Jesus Christ, that guys voice.  Nice wheels too.


----------



## alan84 (Sep 4, 2011)

This guy is so annoying, I have seen few of his videos and can't stand them. It sucks because everytime I search the YouTube, this guy's videos shows up.


----------



## caaraa (Sep 4, 2011)

It is good!


----------



## Merkaba (Sep 4, 2011)

alan84 said:


> This guy is so annoying, I have seen few of his videos and can't stand them. It sucks because everytime I search the YouTube, this guy's videos shows up.



Or "six pack shortcuts"  ...same deal....


----------



## lemon_ (Sep 5, 2011)

for the advanced bodybuilders!
and what about this, squat = leg press + leg curl + basketball game 

http://www.youtube.com/watch?v=I_2JPn6gbKM


----------



## SFW (Sep 5, 2011)

He's too gay for any straight man to watch for long


----------



## danzik17 (Sep 5, 2011)

Merkaba said:


> Or "six pack shortcuts"  ...same deal....
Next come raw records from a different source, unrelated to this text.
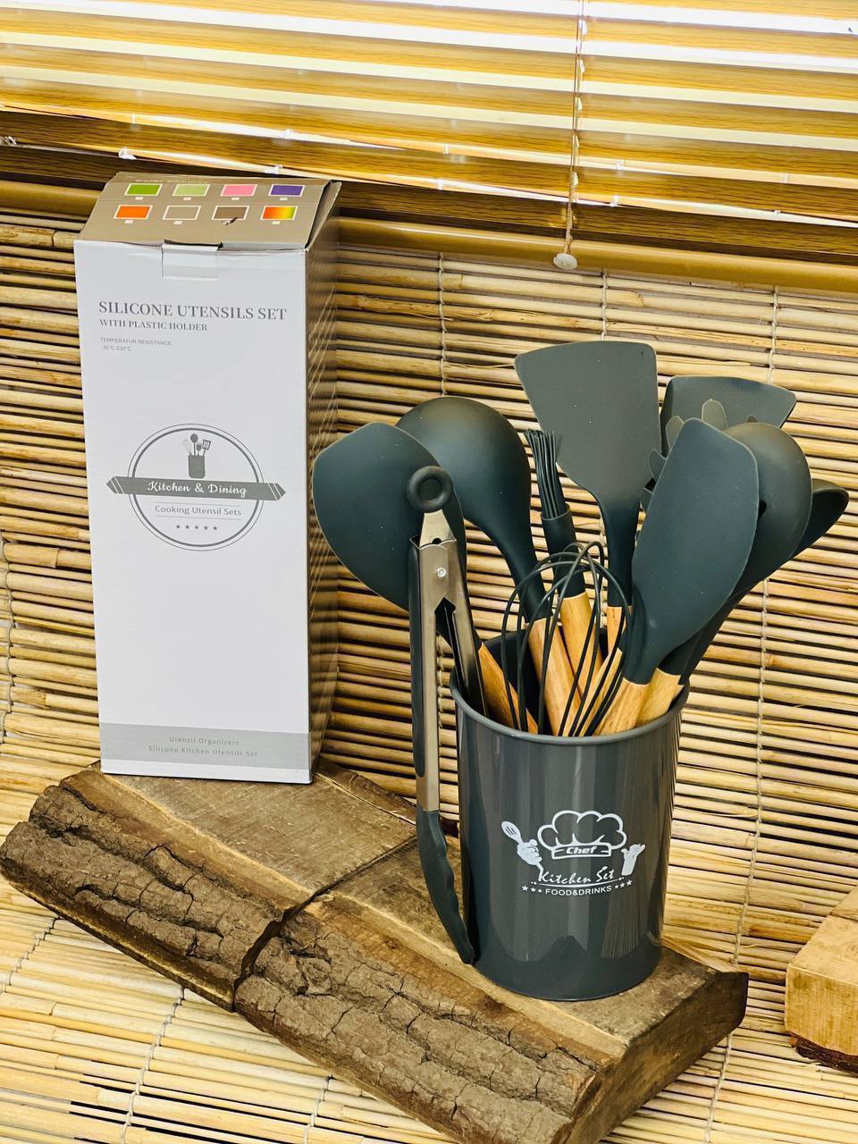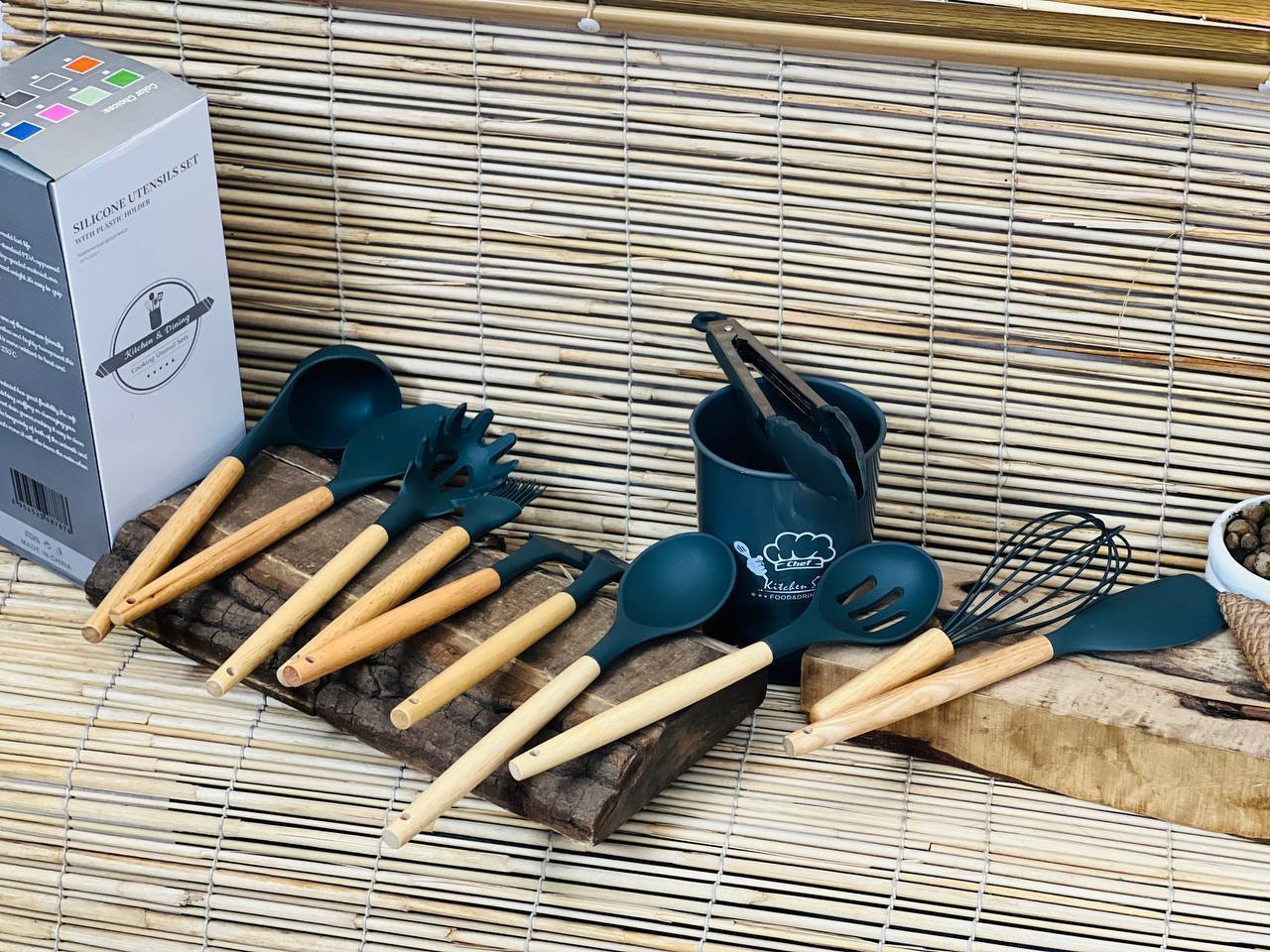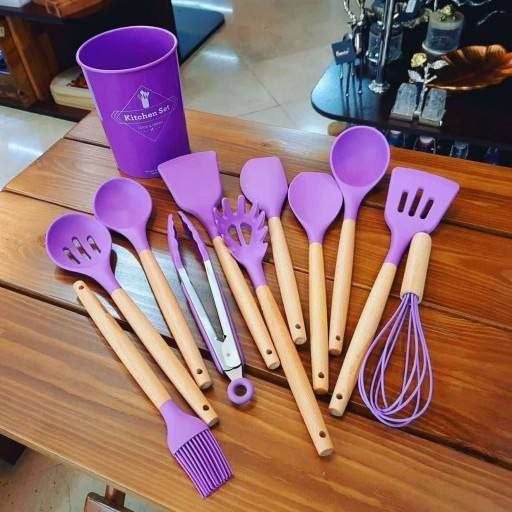 این مجموعه شامل 12 عدد ابزار آشپزی سیلیکونی است که هر یک دارای دسته‌های چوبی و سری‌های سیلیکونی مقاوم به حرارت هستند. ابعاد کفگیرها و ملاقه ها بین 25 تا 30 سانتی‌متر متغیر است. جنس سیلیکونی ابزارها فاقد BPA و غیرسمی است، که برای ظروف نچسب مناسب و بادوام می‌باشد.
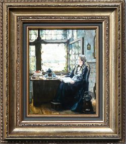 ‘Lezend aan het raam’ Olieverf op paneel. Getekend; J. Dieltjens.
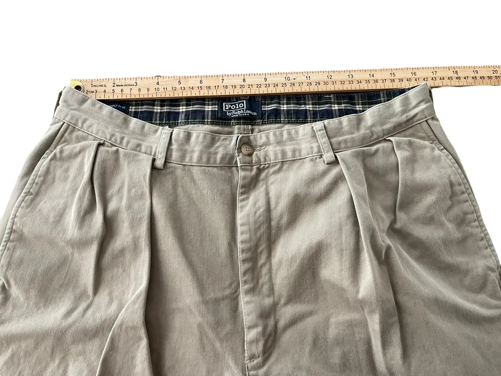 Vintage Polo Ralph Lauren Golf Pants 34x31 Beige Khaki Cotton Pleated Chino USA
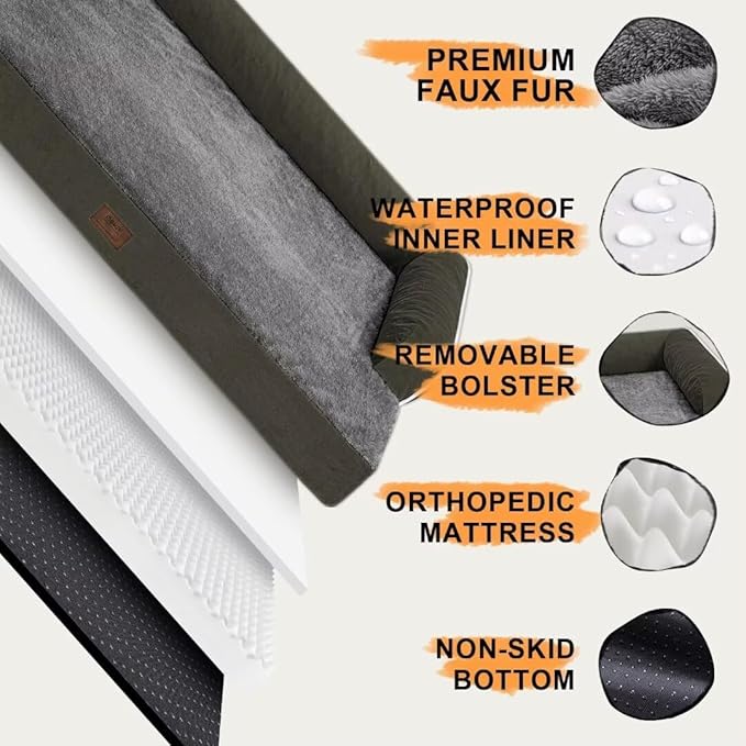 Large Dog Bed Orthopedic Washable - XXL Large Big Dogs - Waterproof with Removable Cover - Memory Foam - Beds Bolster Pet - Dogs Couch Sofa Bed - Dark Green Dog Beds
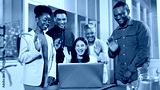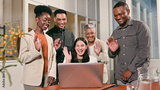 Group of Colleagues Smiling and Waving During a Virtual Business Meeting in a Modern Office
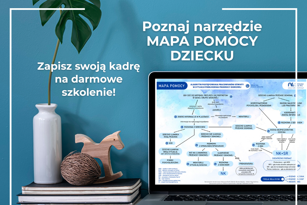 Zapraszamy do skorzystania ze szkolenia z praktycznego zastosowania narzędzia „MAPA POMOCY DZIECKU – algorytmy postępowania pracowników oświaty w sytuacji podejrzenia przemocy domowej”. 3 pierwsze placówki z Warszawy, które wyślą zgłoszenie na [email protected], będą mogły skorzystać z bezpłatnego przeszkolenia swojej kadry przez nasz zespół. W tytule prosimy wpisać „Mapa Pomocy”, a w treści dane kontaktowe do placówki.
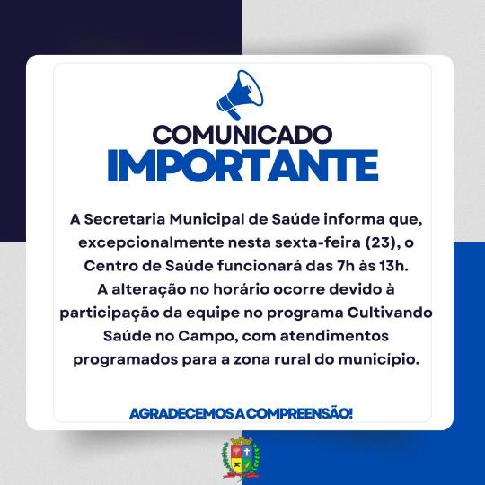 OSVALDO CRUZ - A Secretaria Municipal de Saúde informa que, excepcionalmente nesta sexta-feira (23), o Centro de Saúde funcionará das 7h às 13h.
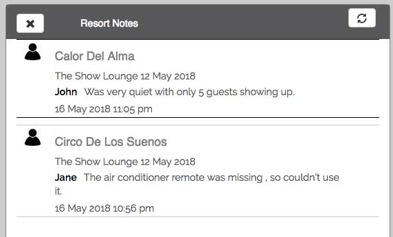 As well as being able to see notes when looking at an event, they are also displayed in the main Notes module on your dashboard. To refresh the notes list then click the icon.
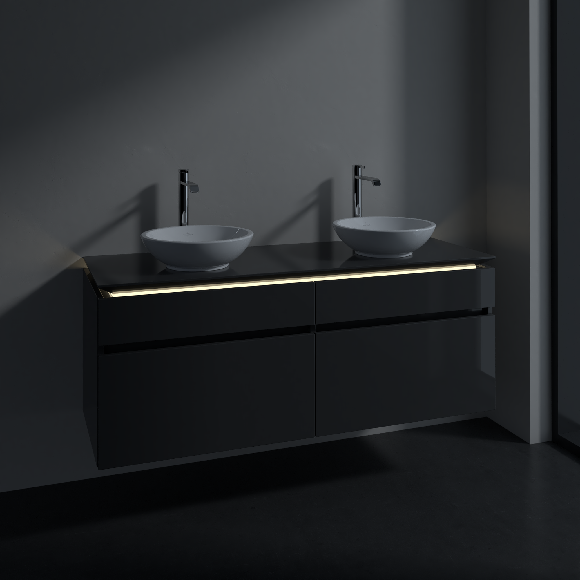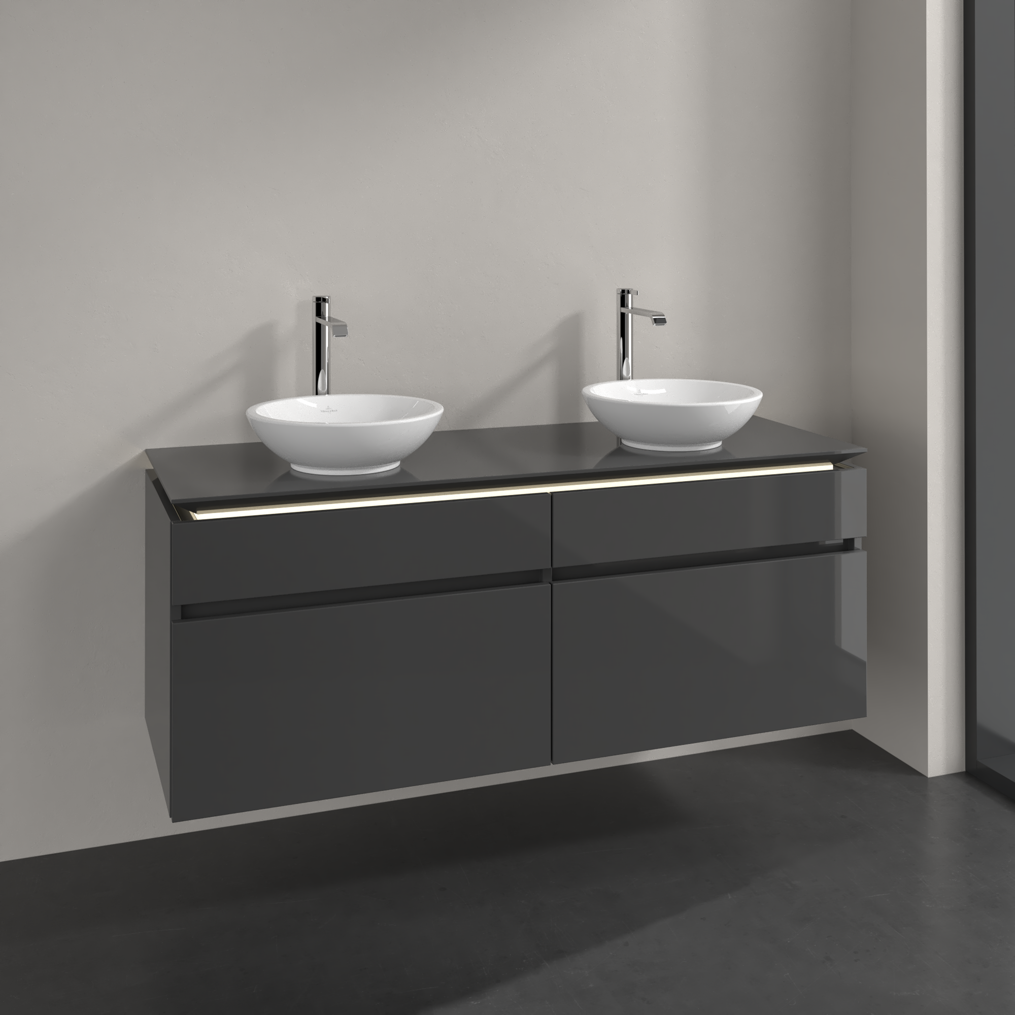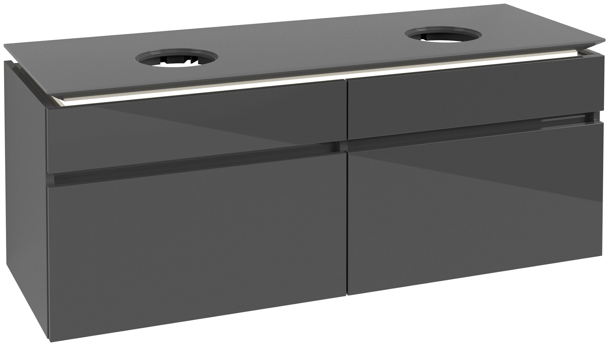 Legato Meuble sous plan, avec éclairage, 4 tiroirs sur rails, 1400x550x500mm, Caisson: Glossy Grey, Façade: Glossy Grey

Huh?  Turn left on main, take the side street near the red house - there's a liquor store on the left.  Much closer than Stop and Shop.

Or is that not the six pack shortcut you meant?


----------



## Merkaba (Sep 5, 2011)

lemon_ said:


> for the advanced bodybuilders!
> and what about this, squat = leg press + leg curl + basketball game
> 
> Squats: Awesome or Awful & Overrated? - YouTube



I watched that vid too!  ick


----------



## Merkaba (Sep 5, 2011)

danzik17 said:


> Huh?  Turn left on main, take the side street near the red house - there's a liquor store on the left.  Much closer than Stop and Shop.
> 
> Or is that not the six pack shortcut you meant?



lol...I think that's what he means.  He's an asian looking guy.  If you search for it you'll find it trust me.  He makes a few good points but equally as much crap.


----------